RECORDS PROVIDED |
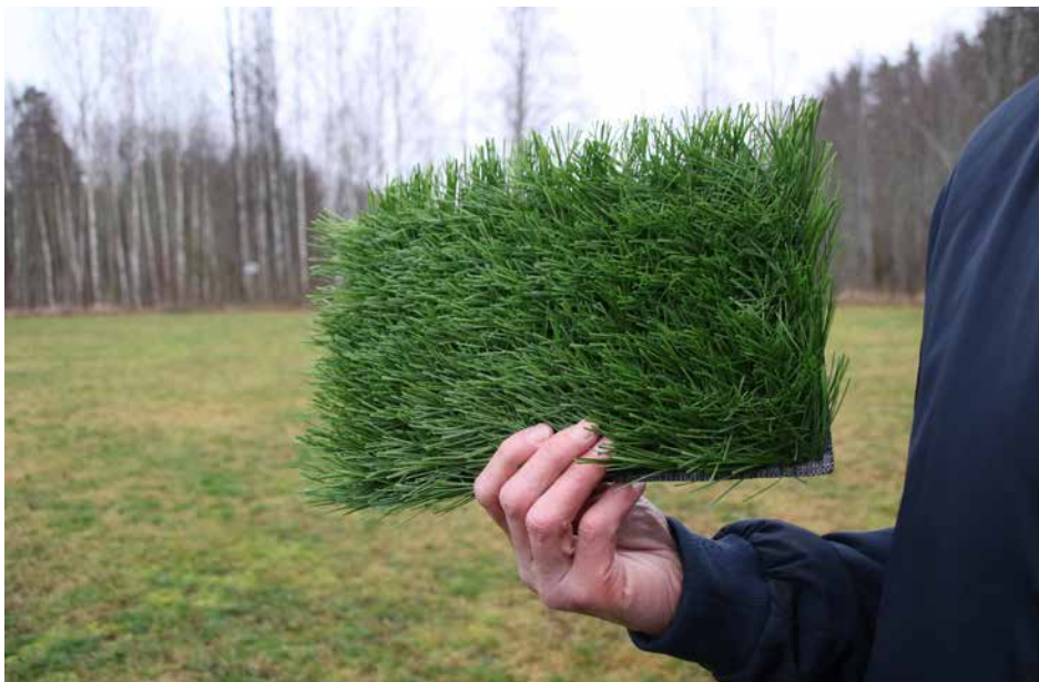
Den här typen av konstgräs har Latorps IF bestämt sig för. Under förutsättning att klubben får bidrag från Allmänna arvsfonden och tidsplanen hålls ska planen bakom ha konstgräs till våren 2021.

– Det är många föreningar som får slåss om tiderna på anläggningarna i Karlslund och Mellringe, ofta på ganska obekväma tider. Vi lägger 60-70 000 kronor på det nu och det är
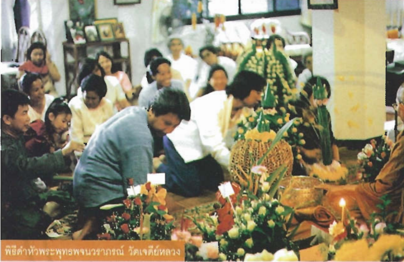
พิธีดำหัวพระพุทธรูปนาราภรณ์ วัดเจดีย์หลวง

รดดอกกล้วยมหน้าแล้ง ลมร้อนแรงยามเที่ยง บ่าย ไบไม่เปลี่ยนสีจากเขียวเป็น สีเหลือง สีแดง สีส้ม แล้วปลิดใบ หมุนคว้างร่วงลงสู่พื้นดิน การ ต่อสู้กับความแห้งแล้งที่กำลังมา เยือนของต้นไม้ ทั้งใบแก่ลดการ คายน้ำที่รากดูดขึ้นมาหล่อเลี้ยง ลำต้นได้น้อยลง สะสมอาหารให้ ใบอ่อนที่กำลังค่อย ๆ ผลิตาน เติบโตทำหน้าที่หล่อเลี้ยงต้นไม้ หมุนวนเช่นนี้ครั้งแล้วครั้งเล่า เช่นเดียวกับเทศกาลสงกรานต์ ปีใหม่ของไทยหมุนวนมาถึงอีก รอบแล้ว
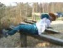
ØVELSE NR. 7 BENLØFT
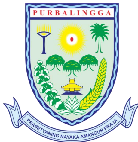
Gambar 1. 1 Logo Bappelitbangda

Bapelitbangda (Badan Perencanaan, Penelitian dan Pengembangan Daerah) adalah kepala badan pimpinan yang mendukung kegiatan pemerintah di bidang perencanaan, penelitian dan pengembangan yang berada dibawah kewenangan Gubernur/Bupati/Wakil kota melalui Sekretaris Daerah. Didalem kantor Bapelitbangda ada struktur susunan organisasi diantaranya:
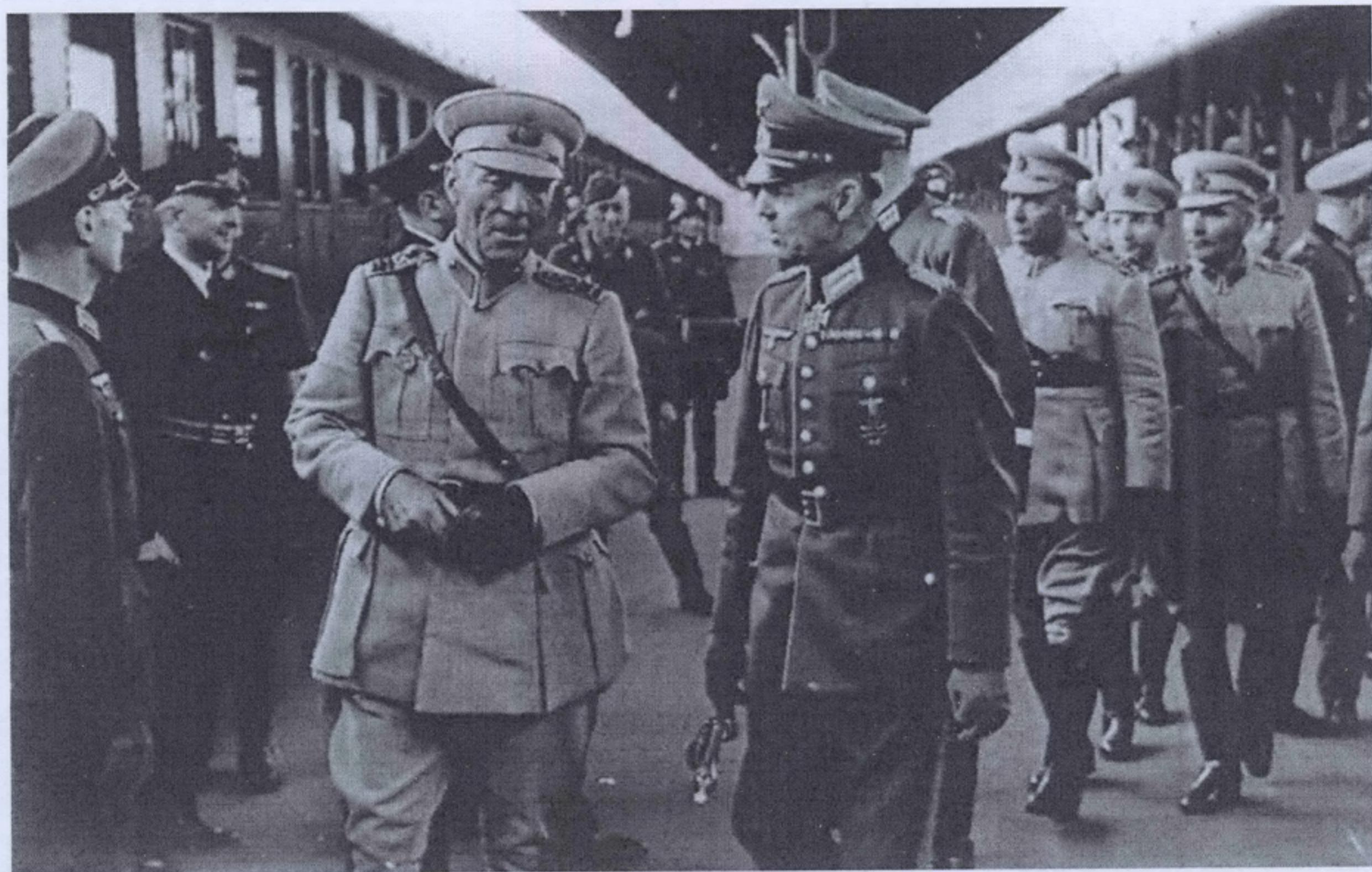
Генерал Джемил Джахит Тойдемир и Фельдмаршал Герд фон Рундштедт.

К концу августа советское командование оказалось в очень неловкой ситуации, когда восемь армий Северо-Кавказского фронта, развернутые фронтом на север, противостояли грабежу и опустошению, которое несли немцы, а всего лишь в 120-130 км к югу от них Закавказский фронт разворачивал свои пять армий для защиты от ожидаемого нападения Турции [2]. Сочи при такой ситуации находился, как и всё Черноморское побережье в очень опасном положении. Незадолго до Сталинградской битвы
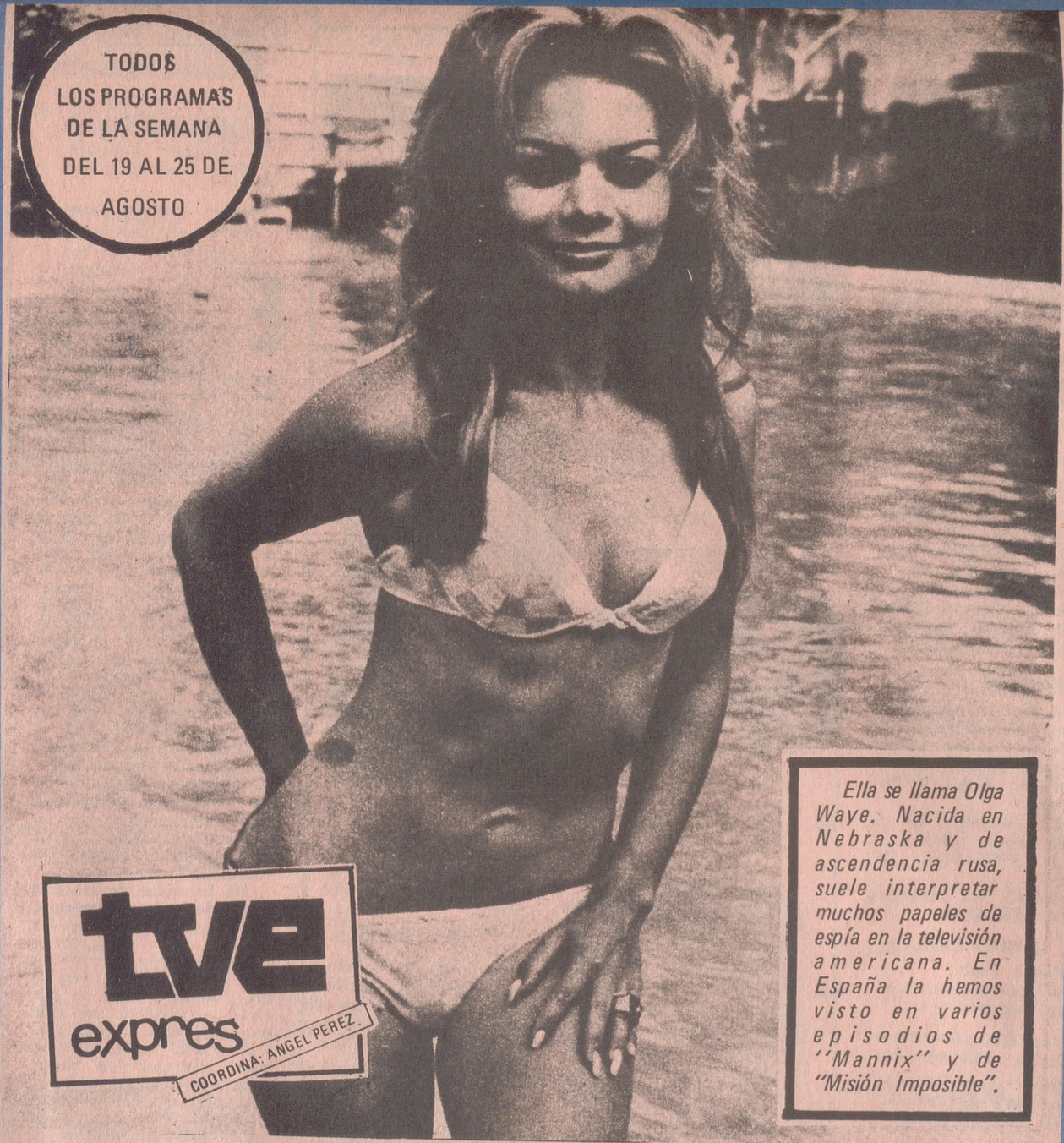
Ella se llama Olga Waye. Nacida en Nebraska y de ascendencia rusa, suele interpretar muchos papeles de espía en la televisión americana. En España la hemos visto en varios episodios de "Mannix" y de "Misión Imposible".

TODO$ LOS PROGRAMAS DE LA SEMANA DEL 19 AL 25 DE AGOSTO
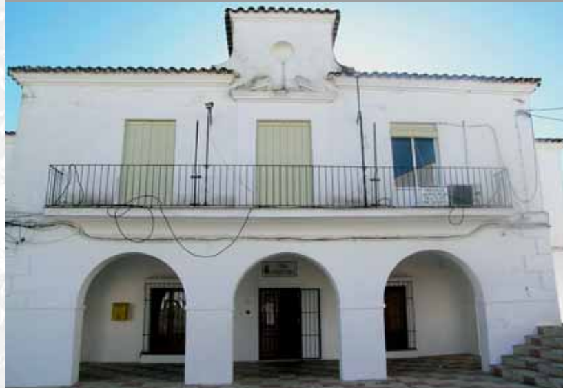
Fachada del Ayuntamiento.
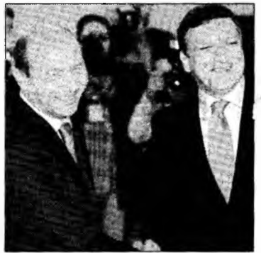
Băsescu și Barroso

Conform Tratatului de Aderare, Parlamentul European va fi consultat în privința noilor comisari. Cea mai probabilă dată pentru audierea noilor comisari, potrivit comunicatului citat, este 27-28 noiembrie, iar pentru organizarea votului sunt luate în calcul perioada de dinainte de 25 decembrie, 4 ianuarie sau 9 ianuarie.

PROBLEM DESCRIPTION | Leave out the pictures and restate, word for word, the lines from the top of the data through the line containing "พิธีดำหัวพระพุ", both included.

RESULT |
Den här typen av konstgräs har Latorps IF bestämt sig för. Under förutsättning att klubben får bidrag från Allmänna arvsfonden och tidsplanen hålls ska planen bakom ha konstgräs till våren 2021.

– Det är många föreningar som får slåss om tiderna på anläggningarna i Karlslund och Mellringe, ofta på ganska obekväma tider. Vi lägger 60-70 000 kronor på det nu och det är
พิธีดำหัวพระพุทธรูปนาราภรณ์ วัดเจดีย์หลวง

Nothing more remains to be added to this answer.